▸ Task objective
With the pictures excluded, repeat every entry exactly.

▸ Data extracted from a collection
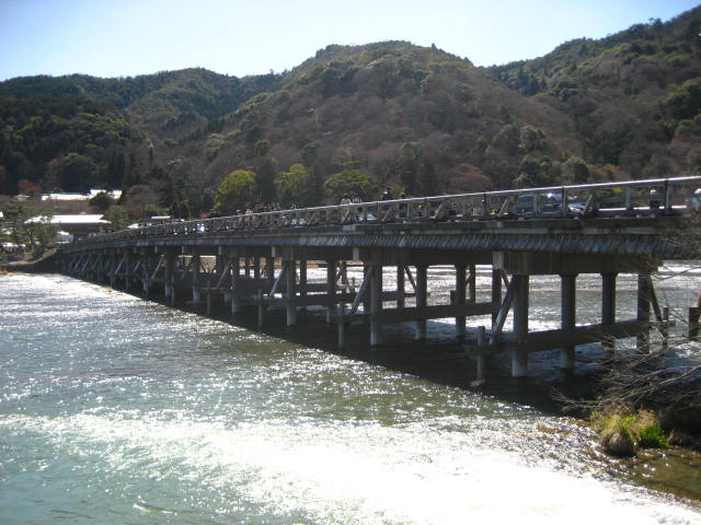 3月の3連休の最終日に子供たちと嵐山に行きました。桜にはまだ少し早かったのですが、行楽シーズンとあってすごい人でした。久々に見る渡月橋は古風で優美なたたずまいでしたね。橋の形も非常に良いいかにも月が似合いそうなそんな調和のとれた渡月橋を子供たちと飽きずに眺めていました。
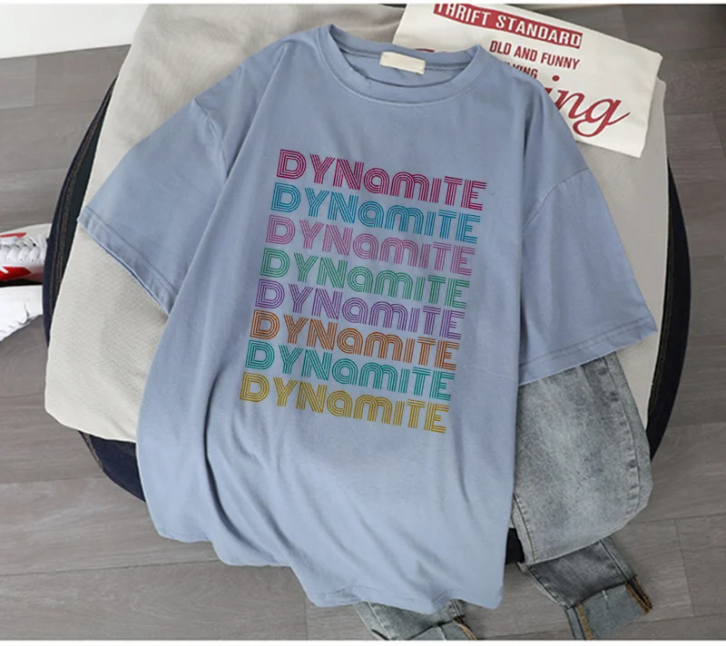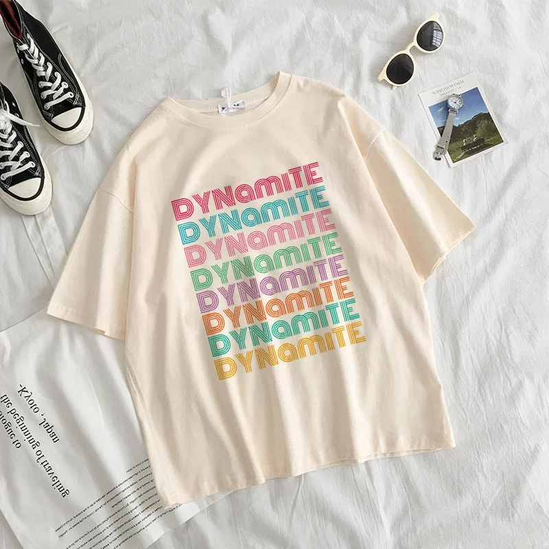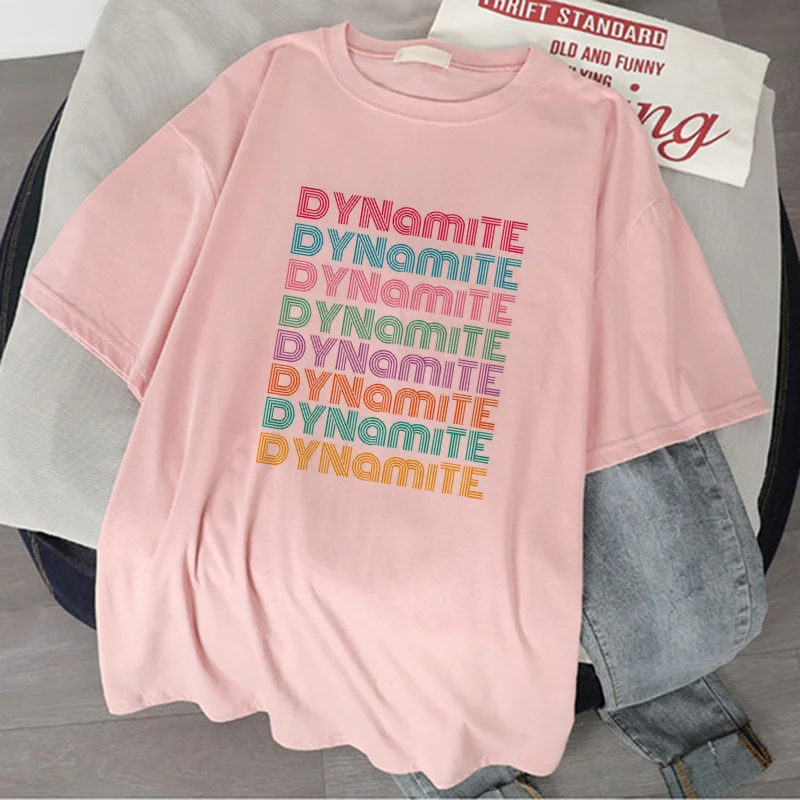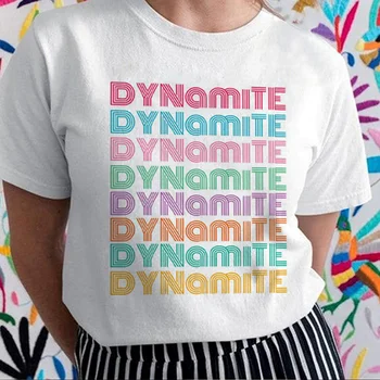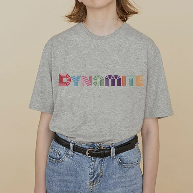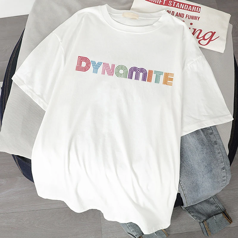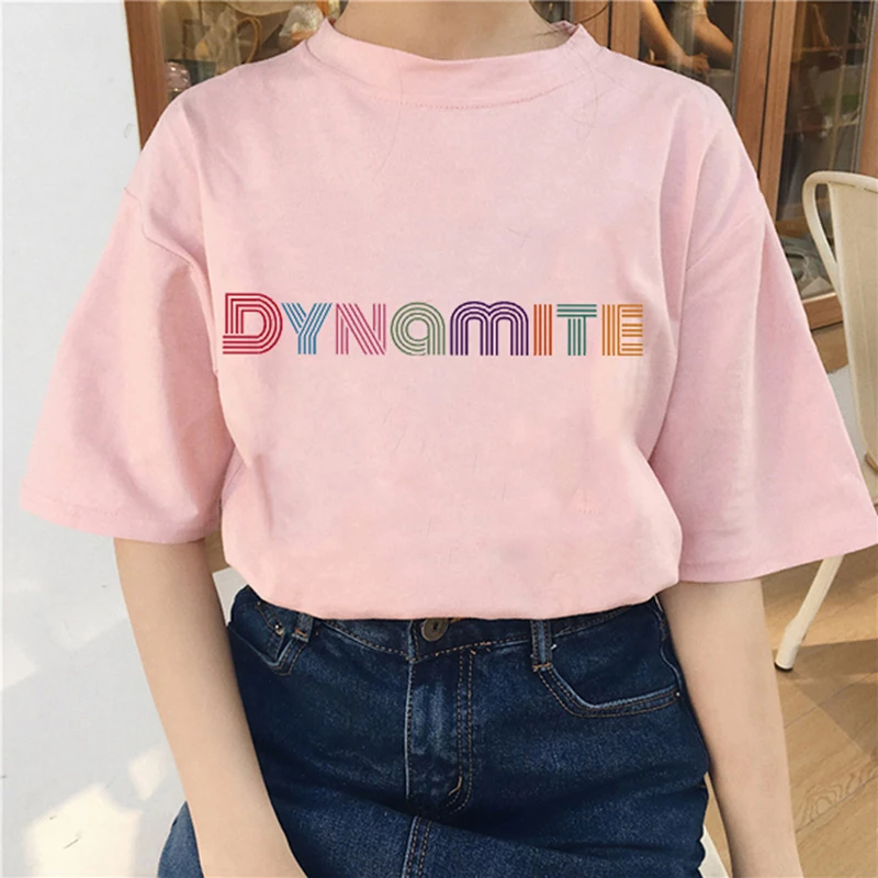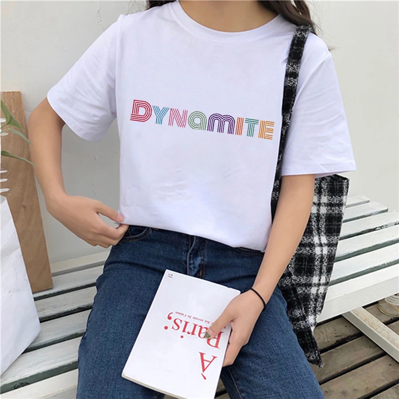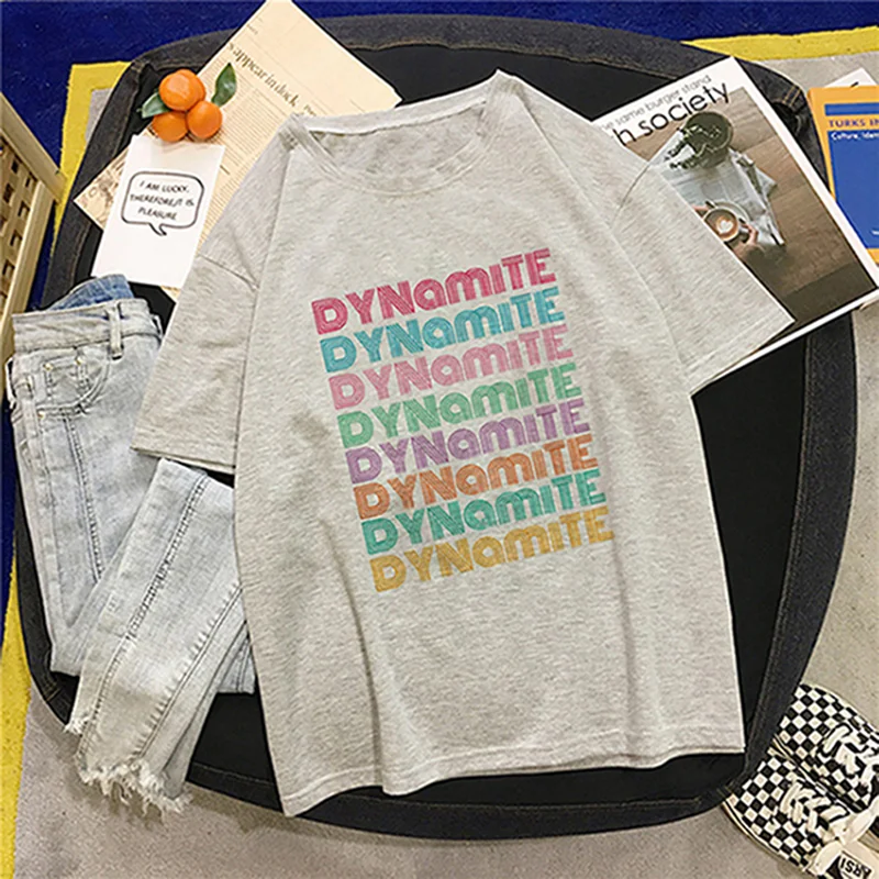 2020 חדש אלבום דינמיט הדפסת חולצה Kpop קוריאני סגנון קצר שרוול חמוד קוריאני מזדמן היפ הופ קצר שרוול למעלה
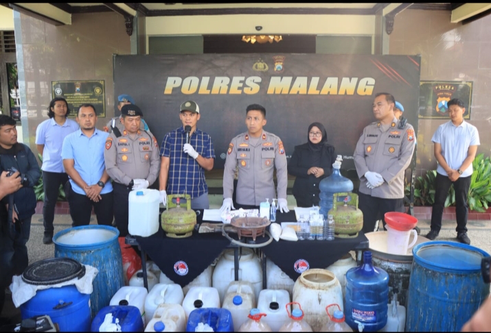 “Kami mendapat pengaduan dari warga melalui layanan 110 terkait dugaan aktivitas produksi miras ilegal. Informasi tersebut langsung kami tindak lanjuti,” kata Kompol Bayu dalam konferensi pers di Polres Malang, Kamis (19/6/2025).
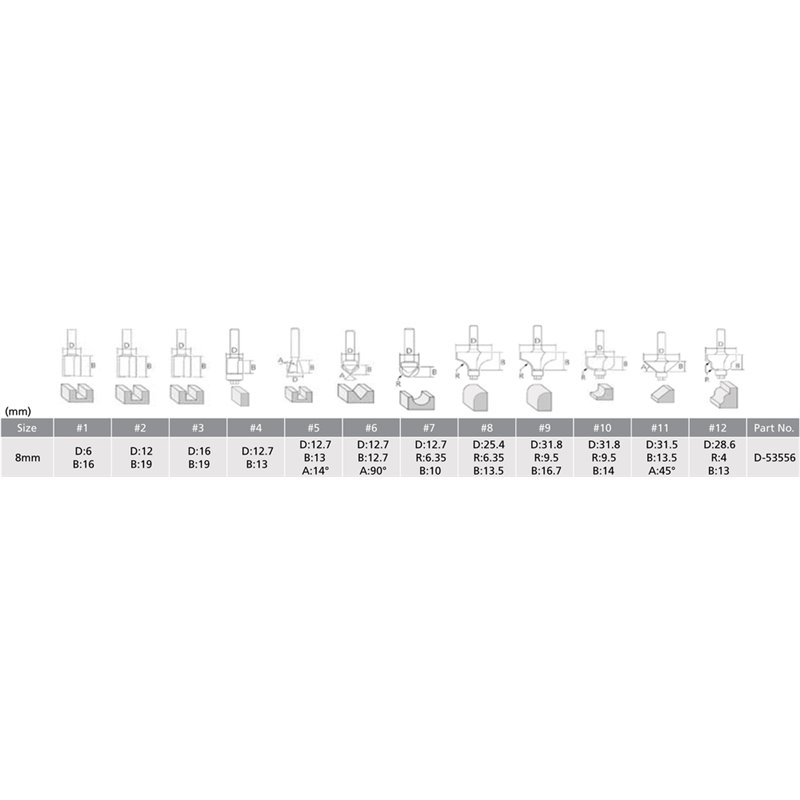 12 pcs router estuche de puntas. inserción dia.(D): 8 mm
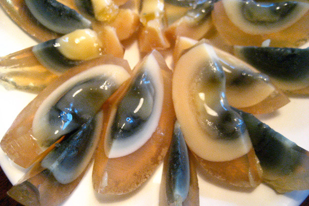 The Chinese cover raw eggs (duck, chicken, and sometimes quail) with a mix of clay, ash, quicklime, salt, and straw and let them sit for weeks or months to cure. The yolks turn deep-green and soften; the whites disintegrate into a transparent amber jelly. Reeking of sulphur, they're served with silken tofu or pork, scallions and ginger, in the rice porridge known as congee, or simply as part of a banquet platter of cold finger foods.
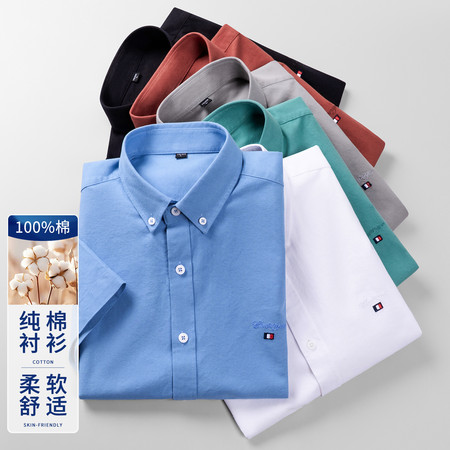 【主推夏季短袖】 ★30色可选 男士商务休闲通勤棉质宽松舒适半袖 纯色条纹格子爆款职业正装衬衣 全年有货★
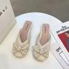 Домашние мюли, женские тапочки на низком каблуке и босоножки с бантом, лето 2024 г., мягкие домашние туфли, уникальная роскошь, легкая одежда, W
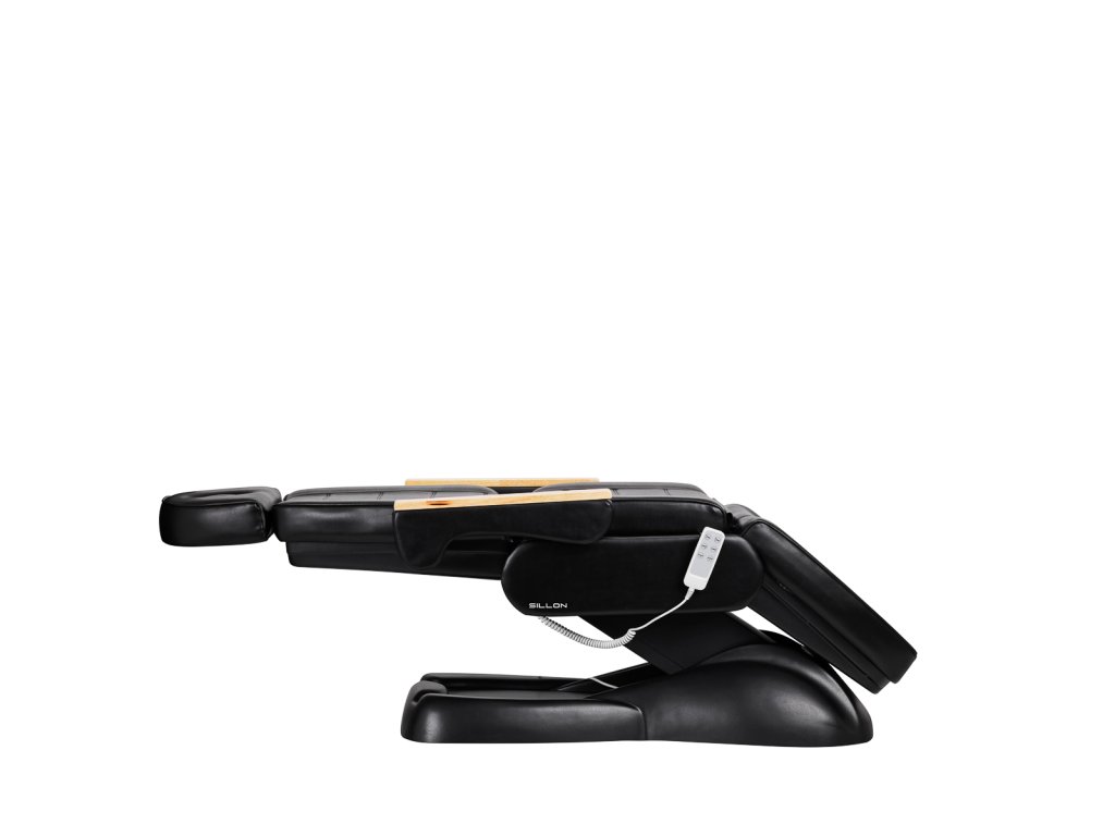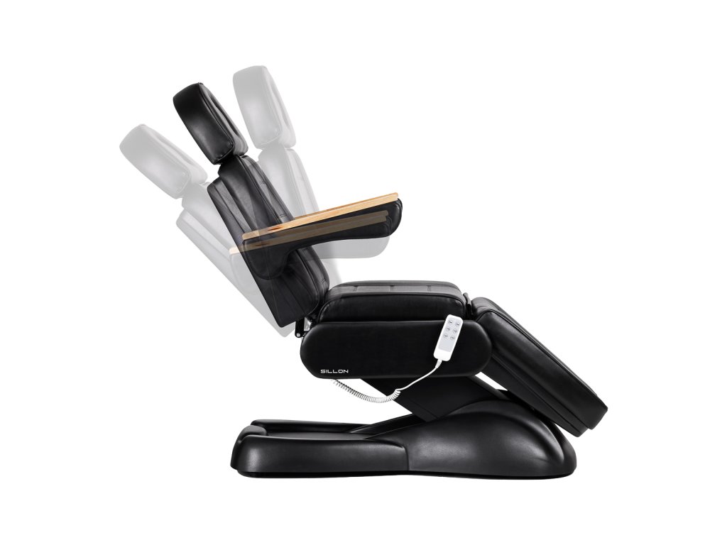 A készülék 3 motorral rendelkezik, amelyek lehetővé teszik az ülésmagasság, a háttámla és a lábtámasz precíz elektromos beállítását távirányítóval. A fa borítású manuálisan állítható kartámlák és a levehető fejtámla tovább növelik a kezelőágy sokoldalúságát. Az arclyuk kivágás és annak zárható dugója lehetővé teszi a kényelmes masszázskezeléseket is.
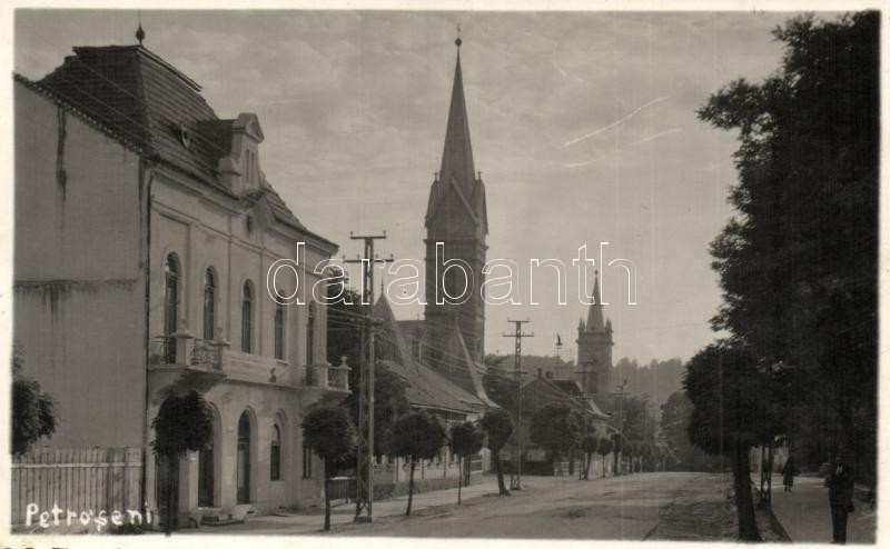 Leírás: Petrozsény, Petrosani; utcakép, templomok / street view with churches. photo
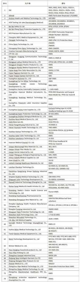 (4) 4月14日,美国FDA发布“已获授权进口”口罩中国生产企业名单,74家位于中国的口罩生产企业获紧急使用授权(EUA),大多数为中国本土生产商(如:比亚迪精密制造有限公司、奥美医疗用品股份有限公司、中国纳米科技有限公司、广州爱音有限公司、金纳尔医疗器械有限公司等),也包括外商独资企业(如:3M中国)。具体名单如下:
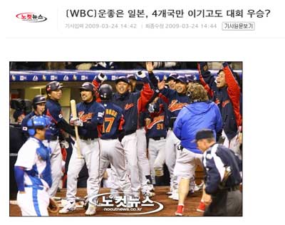 10回表は「最後はイチローを倒してから...」の想いがあったんでしょうか、そんな意味でも韓国は悔しい負け方をしましたが、最後は本当の勝負にこだわった、あっぱれな負けっぷりともいえますね。これだけ日本で速報があがってたので、さっそく韓国ではどんな風に結果を伝えてるんだろうと覗いてみました。(クリックで翻訳ページを表示)
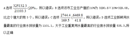 A.全市工业新鲜用水量超过工业废水排放量的20倍
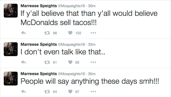 Speights has seemingly denied making the comments, posting a series of tweets shortly after the story was released.
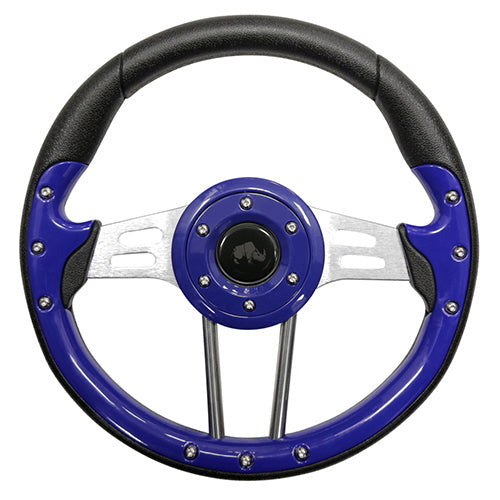 RHOX Golf Cart Steering Wheel -Aviator 4 Blue Grip/Brushed Aluminum Spokes 13" Diameter
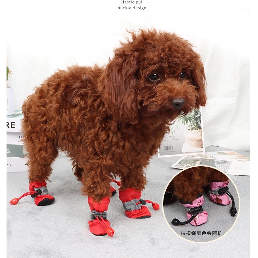 AL-866 รองเท้าบูทสัตว์เลี้ยง สุนัข หมา แมส กันฝน กันน้ํา กันลื่น สามารถปรับได้ จํานวน 4 ชิ้น พร้อมส่ง🐶🐱
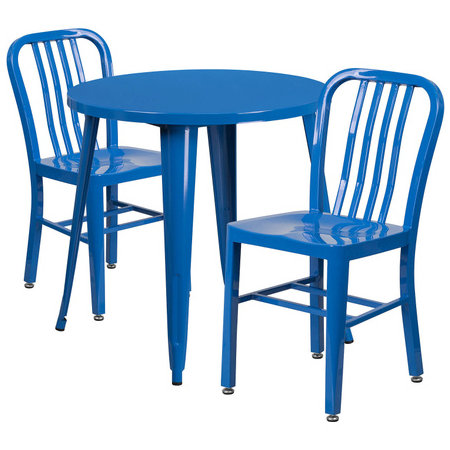 Flash Furniture CH-51090TH-2-18VRT-BL-GG, 30" Round Top Indoor / Outdoor Steel Cafe Dining Set w/ 2 Chairs, Blue

▸ Exercise answer
 3月の3連休の最終日に子供たちと嵐山に行きました。桜にはまだ少し早かったのですが、行楽シーズンとあってすごい人でした。久々に見る渡月橋は古風で優美なたたずまいでしたね。橋の形も非常に良いいかにも月が似合いそうなそんな調和のとれた渡月橋を子供たちと飽きずに眺めていました。
 2020 חדש אלבום דינמיט הדפסת חולצה Kpop קוריאני סגנון קצר שרוול חמוד קוריאני מזדמן היפ הופ קצר שרוול למעלה
 “Kami mendapat pengaduan dari warga melalui layanan 110 terkait dugaan aktivitas produksi miras ilegal. Informasi tersebut langsung kami tindak lanjuti,” kata Kompol Bayu dalam konferensi pers di Polres Malang, Kamis (19/6/2025).
 12 pcs router estuche de puntas. inserción dia.(D): 8 mm
 The Chinese cover raw eggs (duck, chicken, and sometimes quail) with a mix of clay, ash, quicklime, salt, and straw and let them sit for weeks or months to cure. The yolks turn deep-green and soften; the whites disintegrate into a transparent amber jelly. Reeking of sulphur, they're served with silken tofu or pork, scallions and ginger, in the rice porridge known as congee, or simply as part of a banquet platter of cold finger foods.
 【主推夏季短袖】 ★30色可选 男士商务休闲通勤棉质宽松舒适半袖 纯色条纹格子爆款职业正装衬衣 全年有货★
 Домашние мюли, женские тапочки на низком каблуке и босоножки с бантом, лето 2024 г., мягкие домашние туфли, уникальная роскошь, легкая одежда, W
 A készülék 3 motorral rendelkezik, amelyek lehetővé teszik az ülésmagasság, a háttámla és a lábtámasz precíz elektromos beállítását távirányítóval. A fa borítású manuálisan állítható kartámlák és a levehető fejtámla tovább növelik a kezelőágy sokoldalúságát. Az arclyuk kivágás és annak zárható dugója lehetővé teszi a kényelmes masszázskezeléseket is.
 Leírás: Petrozsény, Petrosani; utcakép, templomok / street view with churches. photo
 (4) 4月14日,美国FDA发布“已获授权进口”口罩中国生产企业名单,74家位于中国的口罩生产企业获紧急使用授权(EUA),大多数为中国本土生产商(如:比亚迪精密制造有限公司、奥美医疗用品股份有限公司、中国纳米科技有限公司、广州爱音有限公司、金纳尔医疗器械有限公司等),也包括外商独资企业(如:3M中国)。具体名单如下:
 10回表は「最後はイチローを倒してから...」の想いがあったんでしょうか、そんな意味でも韓国は悔しい負け方をしましたが、最後は本当の勝負にこだわった、あっぱれな負けっぷりともいえますね。これだけ日本で速報があがってたので、さっそく韓国ではどんな風に結果を伝えてるんだろうと覗いてみました。(クリックで翻訳ページを表示)
 A.全市工业新鲜用水量超过工业废水排放量的20倍
 Speights has seemingly denied making the comments, posting a series of tweets shortly after the story was released.
 RHOX Golf Cart Steering Wheel -Aviator 4 Blue Grip/Brushed Aluminum Spokes 13" Diameter
 AL-866 รองเท้าบูทสัตว์เลี้ยง สุนัข หมา แมส กันฝน กันน้ํา กันลื่น สามารถปรับได้ จํานวน 4 ชิ้น พร้อมส่ง🐶🐱
 Flash Furniture CH-51090TH-2-18VRT-BL-GG, 30" Round Top Indoor / Outdoor Steel Cafe Dining Set w/ 2 Chairs, Blue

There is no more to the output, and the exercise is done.